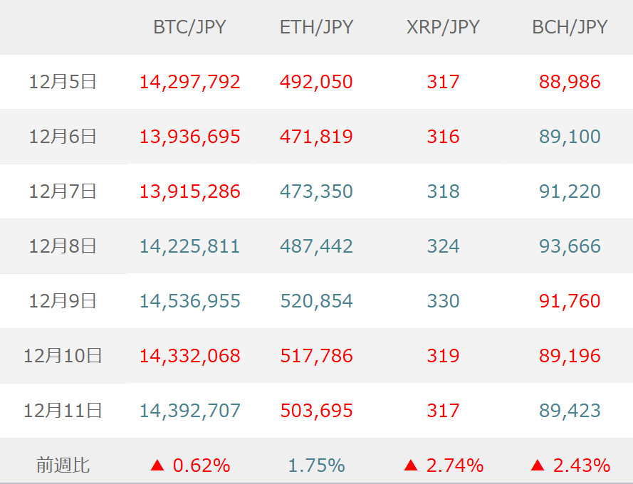 ビットコインは、12月に入ってから回復基調を見せつつも、ストラテジー【MSTR】を巡る懸念が払拭されず、上値の重い展開が続いた。
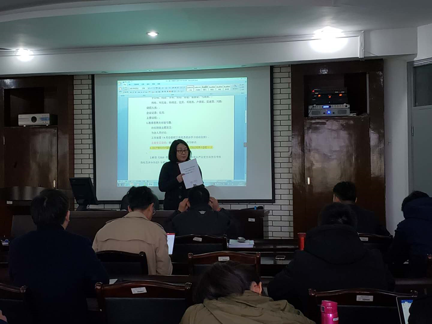 首先,陈慧解读了《上海海洋大学2019年二级学院(部)落实全面从严治党主体责任考核指标及评分办法》,围绕重要项目、政治生态建设、基层党建工作、宣传思想文化工作、党风廉政建设和党内监督工作、统战工作、综合治理工作等就今年的工作做了总部署,并分析了薄弱环节、落实相关责任人提出改进对策,同时向大家汇报了我院全面从严治党、党建工作、统战工作、意识形态工作和语言文字工作计划的制定情况,并对今年的党务工作坊研讨活动安排做了介绍,要求各个支部在学院工作计划的基础上制定年度工作计划。
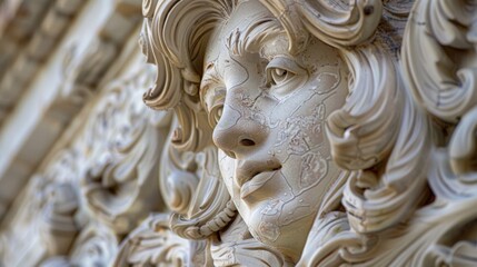 Split face of a mannequin representing aging changes with cracked skin texture on one side and smooth complexion on the other in neutral tones
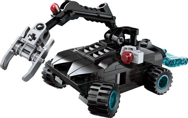 Z jednotlivých ministavebníc zložíte ucelený, detailný model s funkčnými prvkami – kolesá, veža, ramená a zbrane pre akčné scenáre.
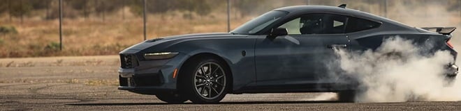 Dark Horse™ Premium: Upgrades that come standard on the highest end 2024 Ford Mustang include aluminum foot pedals, an auto-dimming rearview mirror, electronic-locking center console, premium carpeted floor mats, a leather-wrapped flat-bottom steering wheel with suede insert, heated steering wheel, premium door trim, universal garage door opener, titanium anodized blue gear shift knob, ambient lighting with MyColor®, and optional features like memory driver seat and remote start system.

------------------------------------------------

## Problem
Could the entries above be written out word for word, pictures excluded?

## Your solution
 ビットコインは、12月に入ってから回復基調を見せつつも、ストラテジー【MSTR】を巡る懸念が払拭されず、上値の重い展開が続いた。
 首先,陈慧解读了《上海海洋大学2019年二级学院(部)落实全面从严治党主体责任考核指标及评分办法》,围绕重要项目、政治生态建设、基层党建工作、宣传思想文化工作、党风廉政建设和党内监督工作、统战工作、综合治理工作等就今年的工作做了总部署,并分析了薄弱环节、落实相关责任人提出改进对策,同时向大家汇报了我院全面从严治党、党建工作、统战工作、意识形态工作和语言文字工作计划的制定情况,并对今年的党务工作坊研讨活动安排做了介绍,要求各个支部在学院工作计划的基础上制定年度工作计划。
 Split face of a mannequin representing aging changes with cracked skin texture on one side and smooth complexion on the other in neutral tones
 Z jednotlivých ministavebníc zložíte ucelený, detailný model s funkčnými prvkami – kolesá, veža, ramená a zbrane pre akčné scenáre.
 Dark Horse™ Premium: Upgrades that come standard on the highest end 2024 Ford Mustang include aluminum foot pedals, an auto-dimming rearview mirror, electronic-locking center console, premium carpeted floor mats, a leather-wrapped flat-bottom steering wheel with suede insert, heated steering wheel, premium door trim, universal garage door opener, titanium anodized blue gear shift knob, ambient lighting with MyColor®, and optional features like memory driver seat and remote start system.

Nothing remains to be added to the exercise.